The AggregationContribution Struct

Every aggregation unit passes through the system as an AggregationContribution:

pub struct AggregationContribution {
    /// Group this contribution belongs to (e.g. "Noun", "morpheme").
    pub group: String,
    /// Field descriptors — define whether each field is Open (inventory) or Closed (distribution).
    pub descriptors: Vec<FieldDescriptor>,
    /// One or more observation rows: each row is a list of (field_name, value) pairs.
    pub observations: Vec<Vec<(String, String)>>,
    /// How much to increment the group's `total` counter (almost always 1).
    pub total_increment: usize,
}

This struct is the canonical unit crossing the dyn boundary. All other entry points (record<A>, record_aggregable, component aggregate_section) ultimately produce AggregationContributions.

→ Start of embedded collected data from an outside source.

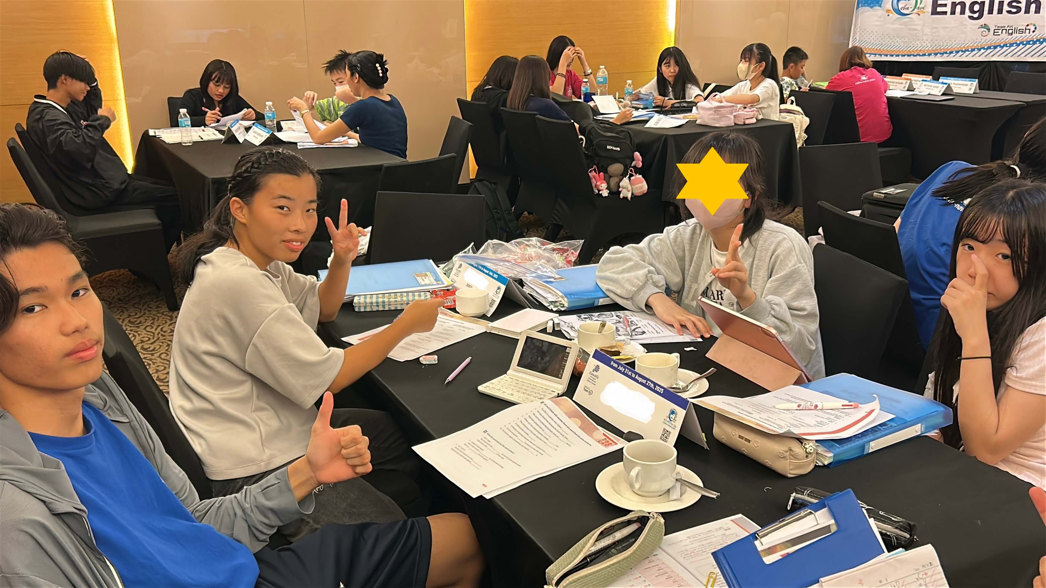 セブナビ×TAKE CEBU校 英語漬けキャンプのグループクラスは、最大でも3〜5人の少人数制。先生との距離も近くて、レッスン中は発話するタイミングがたくさん巡ってくるので、自然と口が動くようになります。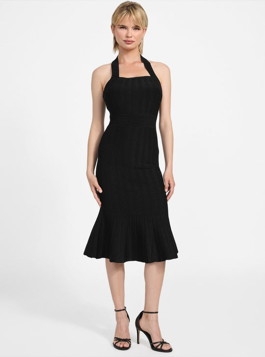 Elevate your look with the Black Halter Strap Sofie Midi Dress. Designed in a figure-flattering knit construction, this sleeveless dress features a chic halter neckline and a flared hem that creates a timeless silhouette. Crafted from a soft viscose blend with added stretch, it ensures comfort and elegance—perfect for both evening occasions and sophisticated daytime wear.
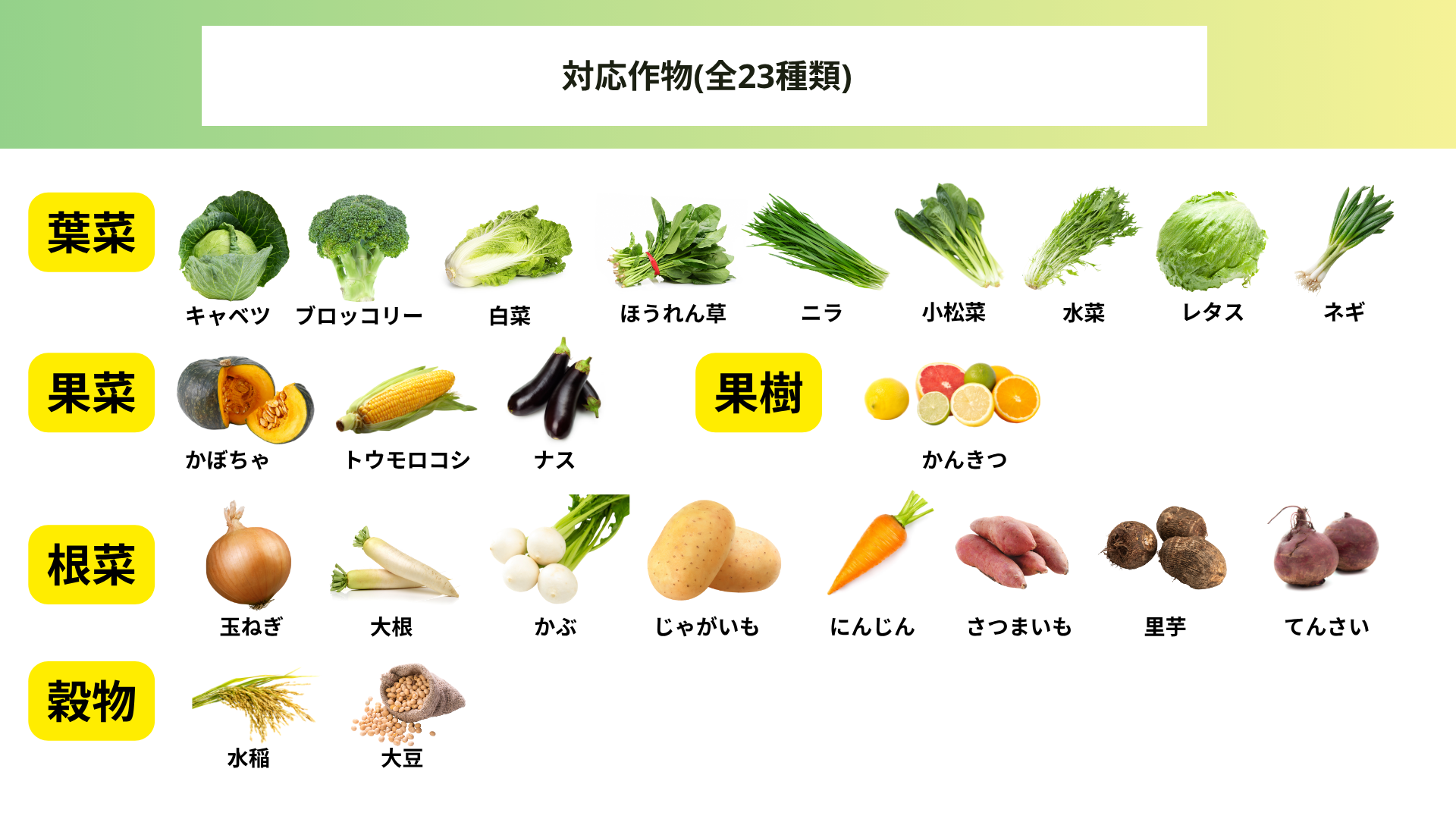 TENRYOの大きな進化のひとつが、対応品目数の拡大です。2024年のサービス開始当初から着実に対応作物を広げ、昨年春の9品目から今春には23品目(キャベツ、ブロッコリー、タマネギ、水稲、柑橘類など)へと大幅に拡張されました。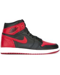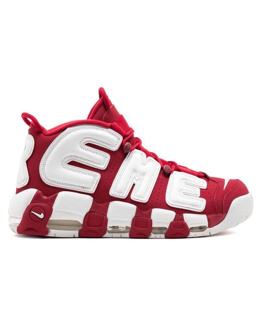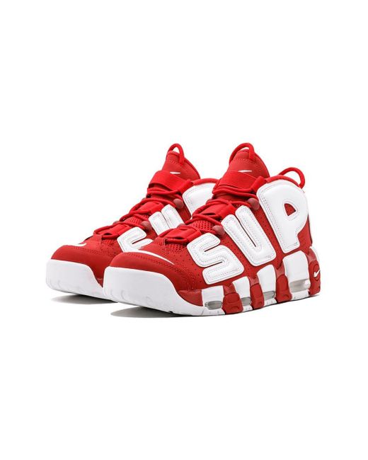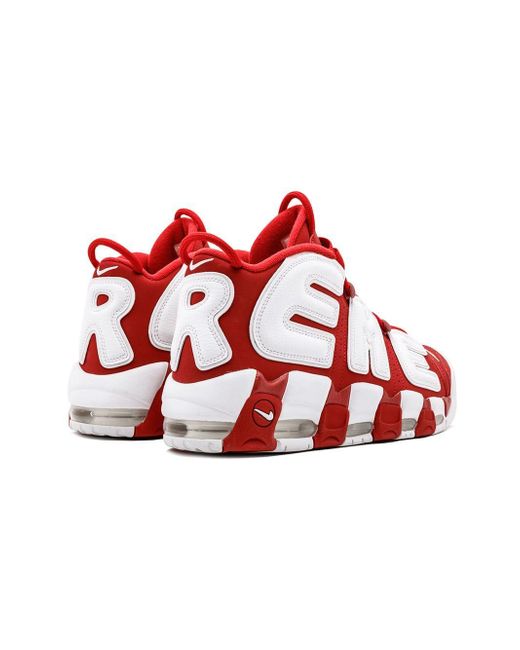 Rot-weiße 'Air More Uptempo' Sneakers aus Nubukleder von Nike mit folgenden Eigenschaften: mandelförmige Kappe, Schleifenverschluss und geprägtes Motiv. Farbe: rot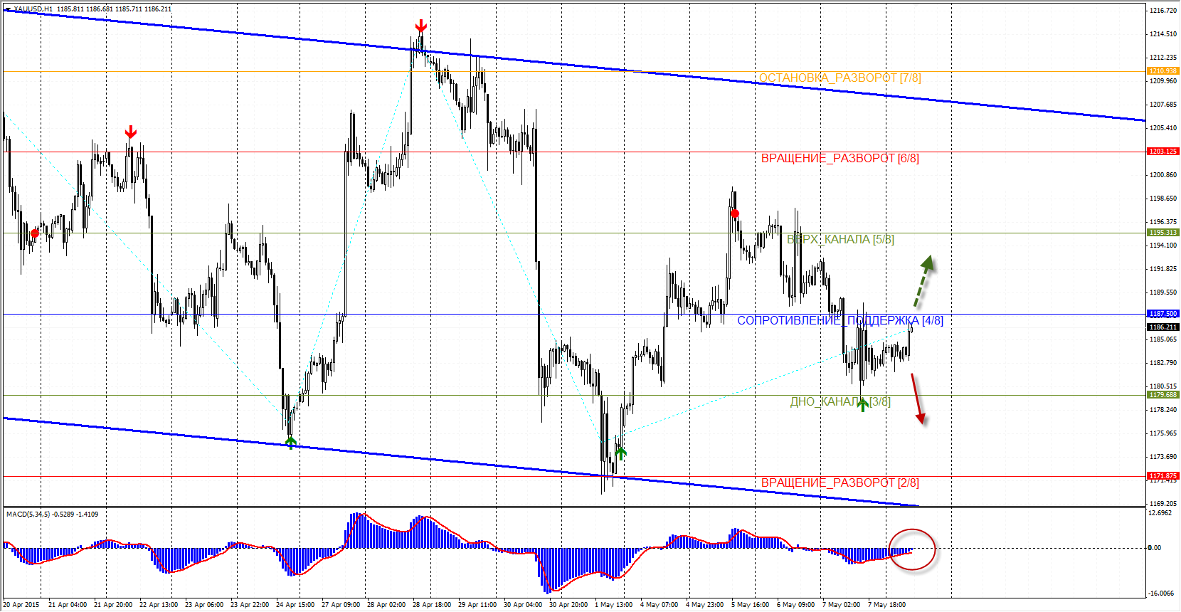 Сценарий №1: продажа ниже уровня 1181.00 с целью 1170.00.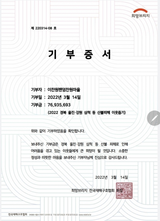 '찬원마을'은 "갑작스러운 화마로 삶의 터전을 잃고 어려움에 처한 경북 울진, 강원 삼척 주민들이 희망을 잃지 않고, 꼭 힘을 내시길 기원한다"며 "어려운 시기에 함께 뜻을 모으고, 이를 통해 작은 위로를 전할 수 있음에 감사하다"고 전했다.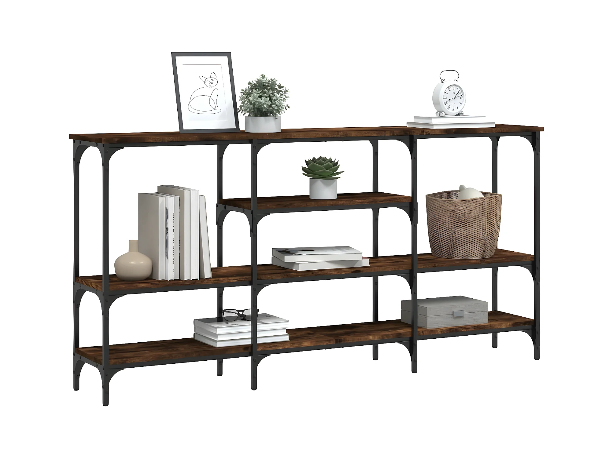 Table console chêne fumé 160x30x75 cm bois d'ingénierie et fer GHR61449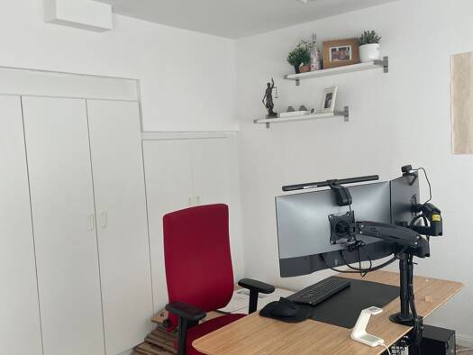 Die Wohnung befindet sich im Erdgeschoss eines Mehrfamilienhauses in Stuttgart- Untertürkheim. Fenster und Tür gehen zur Augsburger Straße heraus. Obwohl es sich um ein Erdgeschoss handelt, kommt viel Tageslicht durch die drei Fenster und die verglaste Tür. Auf der den Fenstern gegenüberliegenden Seite ist die Wand mit einem großen Einbauschrank bestückt, sodass hier viel Kleidung etc. untergebracht werden kann. Es gibt ein großes abgetrenntes Bad mit Dusche und nochmals separierter Toilette. I...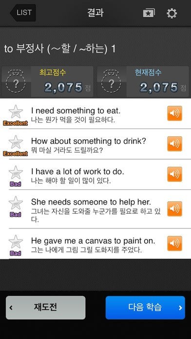 - 북마크 기능이 있어 원하는 문장을 따로 저장하여 집중 훈련할 수 있습니다.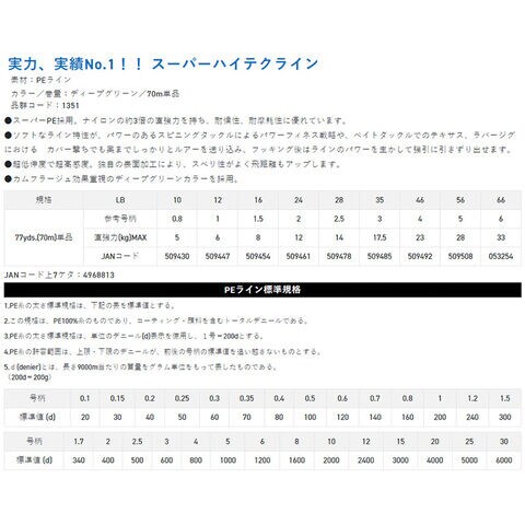 スーパーPE採用。ナイロンの約3倍の直強力を持ち、耐候性、耐摩耗性に優れています。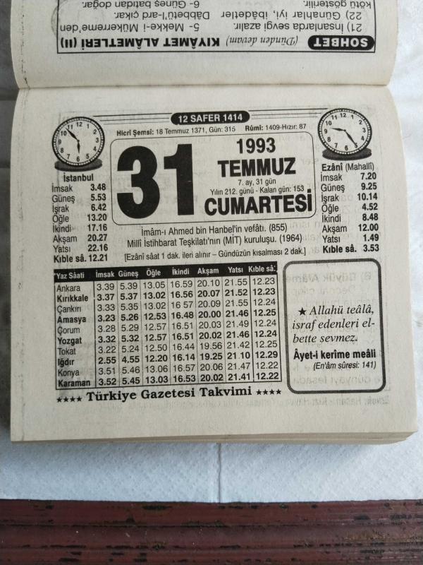 Türkiye Gazetesi takvimi 31 Temmuz 1993 doğum günü hediyesi hediyelik takvim yaprağı, en son 1 yıl önce güncellenmiştir.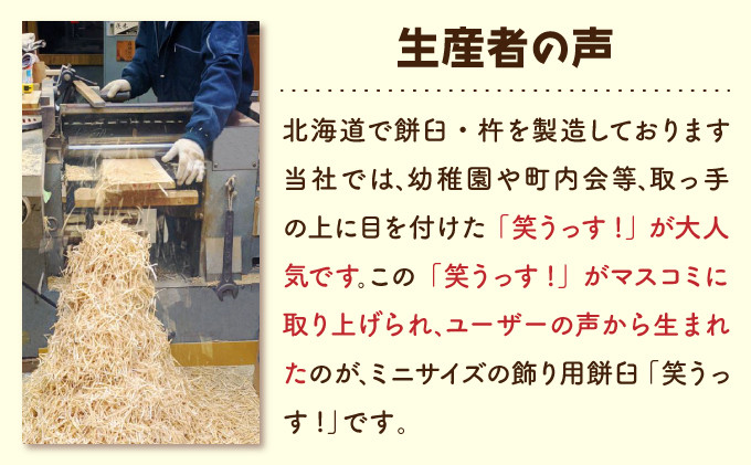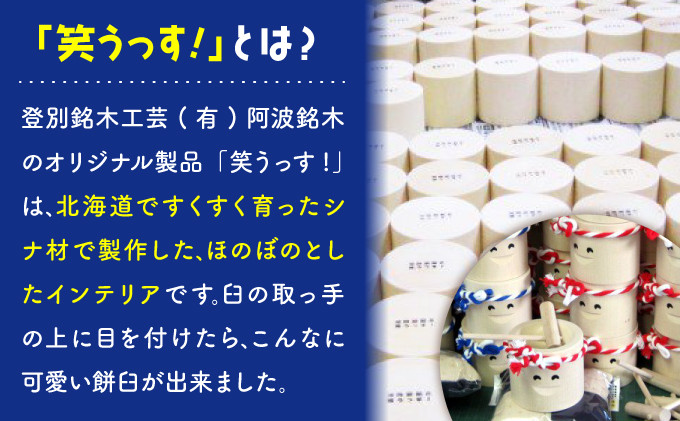 登別銘木工芸(有)阿波銘木のオリジナル商品「笑うっす!」は、北海道産材シナ材使用。臼を女性、杵を男性に見立て、餅を搗く(突く)ことで”子孫繁栄”。杵を振り下ろし、邪気を振り払う”厄払い”。取っ手を口に見立てた可愛らしい臼を飾って縁起を担いでくださいね!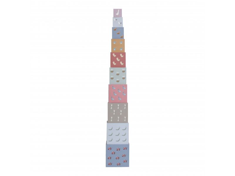 Barevné kartonové kostky s krásnými ilustracemi husičky a jejích přátel, kteří žijí kolem rybníka na venkově. Nechte vaše dítě kostky skládat na sebe do vysoké věže nebo vedle sebe podle velikosti. Ve starším věku se dítě s pomocí očíslovaných kostek může hravým způsobem učit počítat i rozpoznávat číslice.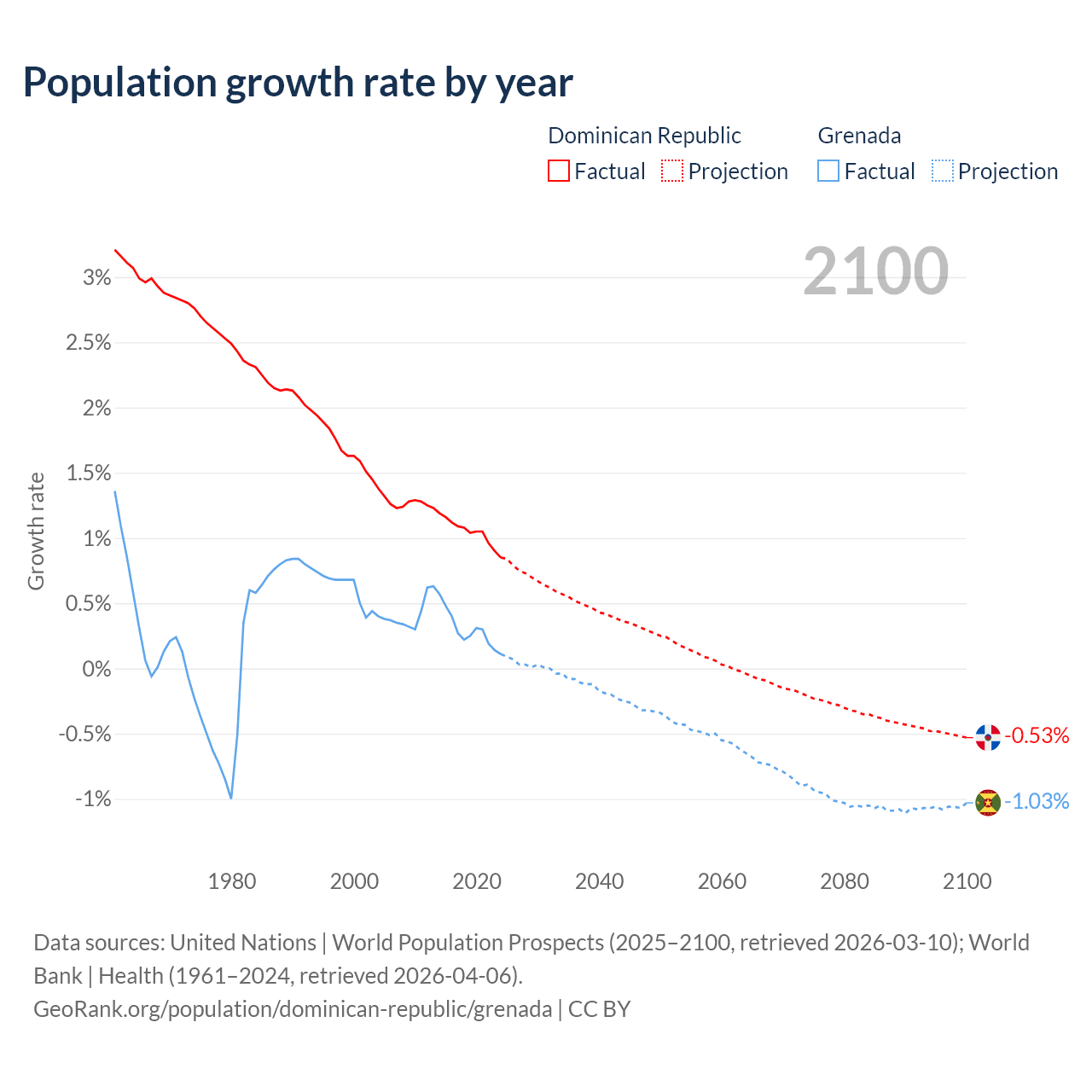 Dominican Republic vs Grenada: population by year and forecast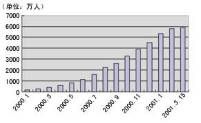 從使用即時(shí)通訊的用戶數(shù)目來(lái)看,其增長(zhǎng)速度十分驚人,到2001年3月份,其總量達(dá)到了6000萬(wàn)人。這主要得益于中國(guó)這兩年互聯(lián)網(wǎng)發(fā)展速度迅猛,而且這還與人們對(duì)于即時(shí)通訊的需求在增加有關(guān),很多人在網(wǎng)上有兩個(gè)甚至三個(gè)或更多的OICQ號(hào)碼以便與不同的伙伴聯(lián)系。

Sink-Level Pivoting with PivotingSink

PivotingSink wraps any AggregationSink and overrides the group field of every contribution before forwarding it. This allows sink-level re-keying independent of the item type.

use panini_core::aggregable::digest::PivotingSink;

let mut inner = BasicAggregator::new();

{
    let mut pivoted = PivotingSink {
        inner: &mut inner,
        pivot: &|c| {
            c.observations
                .first()
                .and_then(|row| row.iter().find(|(k, _)| k == "root"))
                .map(|(_, v)| format!("root:{v}"))
                .unwrap_or_else(|| c.group.clone())
        },
    };

    for feature in &features {
        pivoted.record(feature);
    }
} // pivoted dropped; inner accessible again

let result = inner.finish();

For the common case of pivoting a single Aggregable item by a typed field, prefer the typed .pivoted() method — see Usage & Pivots.


Use Case: Learner Profiling

An advanced use case is a stateful aggregator that evolves over time. Instead of just counting, it could:

  • Detect gaps — e.g., "The user has never seen the Genitive case".
  • Track progress — e.g., "Number of new lemmas seen this week".
  • Generate recommendations — e.g., "Suggest more exercises on the Aorist tense".

Extensibility

By implementing AggregationSink, you can plug Pāṇini into any existing reporting or user tracking system. The component-driven dispatch handles all section routing; your sink only needs to implement record_contribution.